Spark NLP version: 3.0.2
Apache Spark version: 3.0.2


**IMDB Dataset Info**

https://www.kaggle.com/lakshmi25npathi/imdb-dataset-of-50k-movie-reviews?select=IMDB+Dataset.csv

IMDB dataset having 50K movie reviews for natural language processing or Text analytics.
This is a dataset for binary sentiment classification containing substantially more data than previous benchmark datasets. We provide a set of 25,000 highly polar movie reviews for training and 25,000 for testing. So, predict the number of positive and negative reviews using either classification or deep learning algorithms.
For more dataset information, please go through the following link,
http://ai.stanford.edu/~amaas/data/sentiment/

In [None]:
# Upload the dataset into a Pandas DataFrame
csv_file = "/content/drive/MyDrive/Colab Notebooks/imdb_dataset.csv"
reviews = pd.read_csv(csv_file, usecols=[0, 1], names=["text", "actual_sentiment"], skiprows=1)
reviews

Unnamed: 0,text,actual_sentiment
0,One of the other reviewers has mentioned that ...,positive
1,A wonderful little production. <br /><br />The...,positive
2,I thought this was a wonderful way to spend ti...,positive
3,Basically there's a family where a little boy ...,negative
4,"Petter Mattei's ""Love in the Time of Money"" is...",positive
...,...,...
49995,I thought this movie did a down right good job...,positive
49996,"Bad plot, bad dialogue, bad acting, idiotic di...",negative
49997,I am a Catholic taught in parochial elementary...,negative
49998,I'm going to have to disagree with the previou...,negative


In [None]:
""" Create a Spark DataFrame from the Pandas DataFrame, keep index column, replace positive and negative sentiment tags from the dataset by pos and neg respectively, 
because sentiments analysis model outputs result as pos or neg hence it will be handy to check accuracy of the model later on. """

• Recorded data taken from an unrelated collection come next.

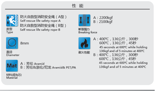 防火逃生繩斷裂強度大于2000kgf,低延伸率,特殊防火設(shè)計,400℃,136公斤,300秒;600℃,136公斤,45秒不出現(xiàn)斷裂現(xiàn)象。適用于消防、救援、火災(zāi)逃生、高溫環(huán)境作業(yè)等。
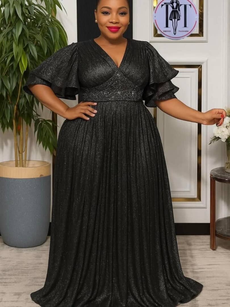 Sublimez votre soirée avec cette robe longue éclatante, idéale pour les grandes occasions. Confectionnée dans un tissu plissé somptueux, elle se distingue par ses manches volantes et une ceinture incrustée de perles. Parfaite pour les femmes en quête d'élégance et de confort. Faites sensation !
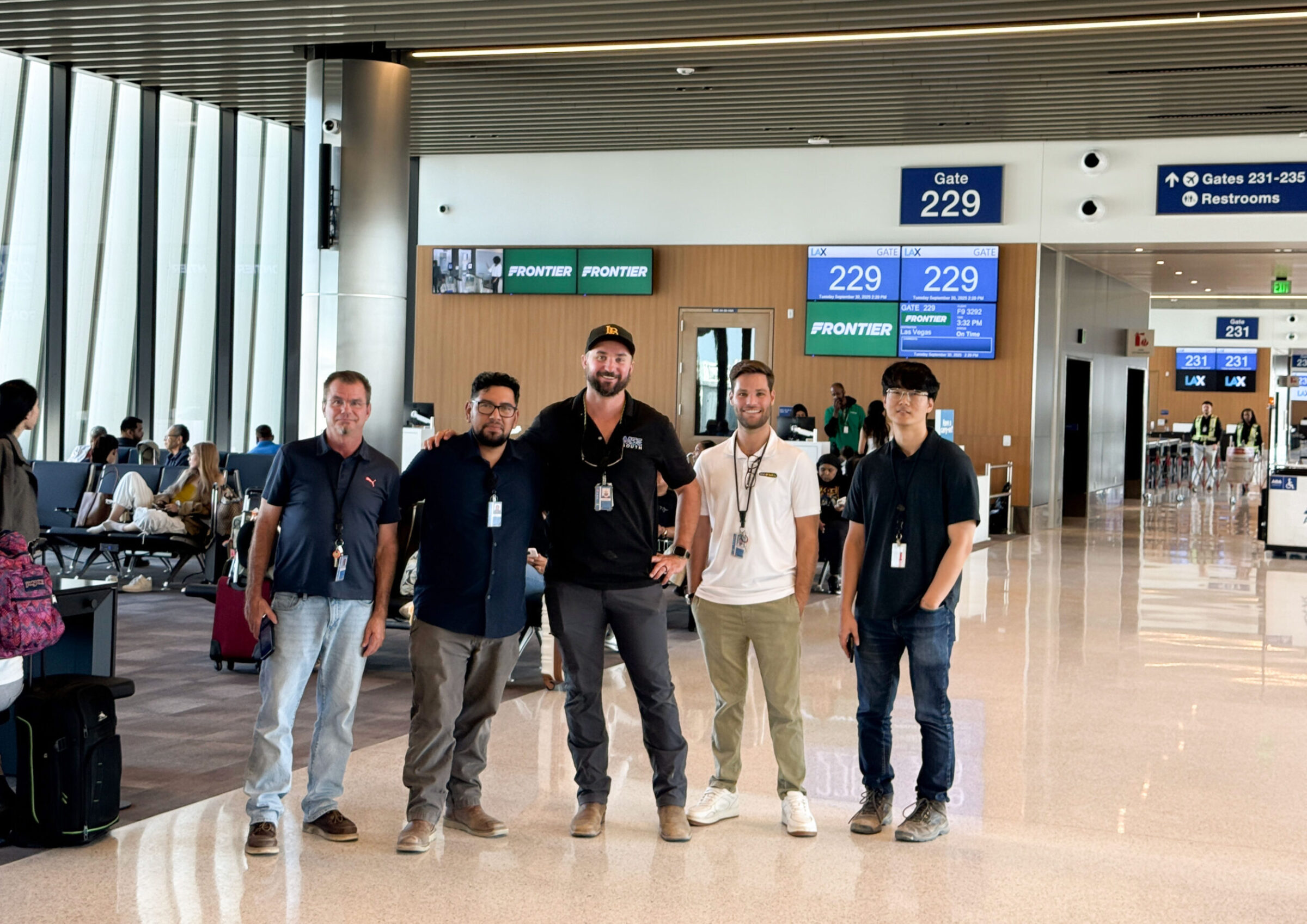 September 30, 2025 – MSC South team celebrates the first operational milestone at Gate 229, as Frontier Airlines departs for Las Vegas. (Photo courtesy of Jim Nelson)
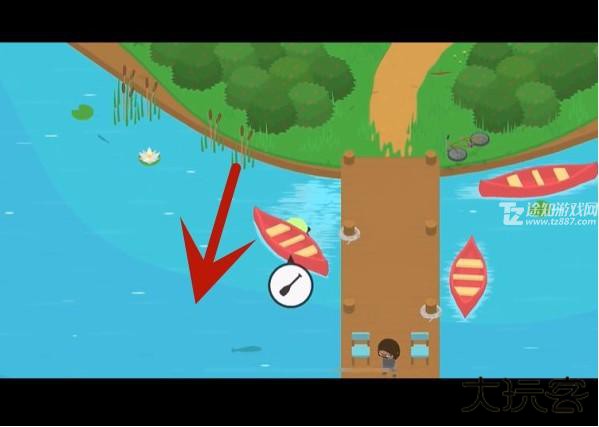 1、玩家走到湖边,将小船推动至湖水颜色比较深的地方。
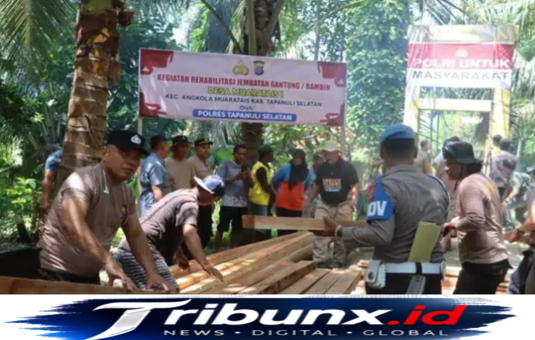 Tapanuli Selatan|TribunX.id, Sebagai bentuk kepedulian, Kepolisian Resor Tapanuli Selatan (Polres Tapsel) merehabilitasi jembatan gantung merah putih yang menjadi urat nadi aktivitas warga di Desa Muaratais I Kec. Angkola Muaratais Kabupaten Tapsel, Kamis (2/4/2026).
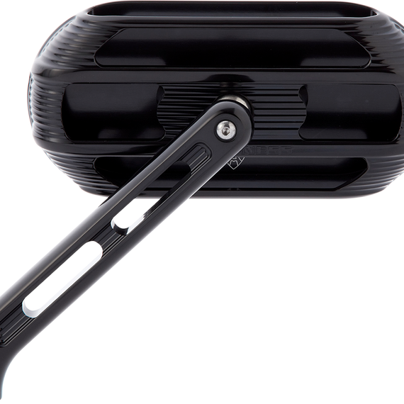 Caracteristicas: Oval shaped mirror inspired from the angled Sidekick Air Cleaner Mirror measures 5.45" wide x 2.5" high Mirror head and stem forged from billet aluminum CNC machined detail seen from all angles Heavy duty stainless steel internal pivot hardware Standard and metric mounting hardware included Laser engraved Arlen Ness logo
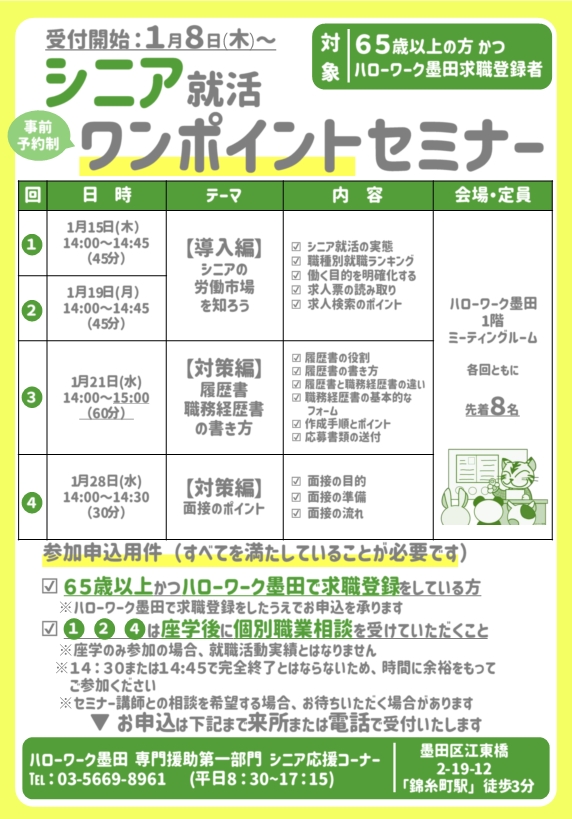 - 65歳以上の方かつハローワーク墨田求職登録者
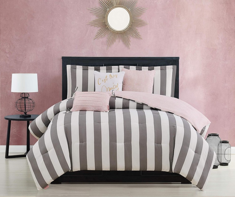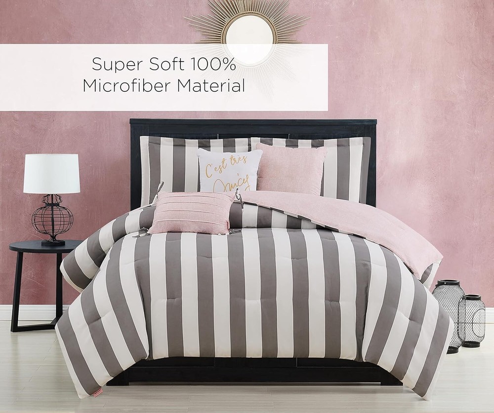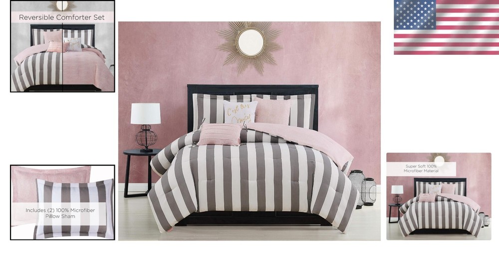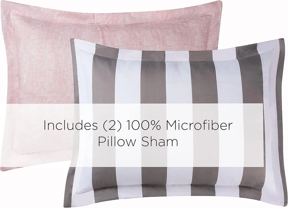 Elegant Grey White Stripe Reversible King Size Comforter Set

reviews_df = spark.createDataFrame(reviews.reset_index(drop=False))\
.withColumn("actual_sentiment", when(col("actual_sentiment") == "positive", "pos").otherwise("neg"))
reviews_df.show(truncate=100)

+-----+----------------------------------------------------------------------------------------------------+----------------+
|index|                                                                                                text|actual_sentiment|
+-----+----------------------------------------------------------------------------------------------------+----------------+
|    0|One of the other reviewers has mentioned that after watching just 1 Oz episode you'll be hooked. ...|             pos|
|    1|A wonderful little production. <br /><br />The filming technique is very unassuming- very old-tim...|             pos|
|    2|I thought this was a wonderful way to spend time on a too hot summer weekend, sitting in the air ...|             pos|
|    3|Basically there's a family where a little boy (Jake) thinks there's a zombie in his closet & his ...|             neg|
|    4|Petter Mattei's "Love in the Time of Money" is a visually stunning film to watch. Mr. Mattei offe...|          

**DocumentAssembler**

---

In order to get through the NLP process, we need to get raw data annotated. There is a special transformer that does this for us: it creates the first annotation of type Document which may be used by annotators down the road. It can read either a String column or an Array[String]

In [None]:
# Document Assembler
document_assembler = DocumentAssembler().setInputCol("text").setOutputCol("document").setCleanupMode("shrink_full")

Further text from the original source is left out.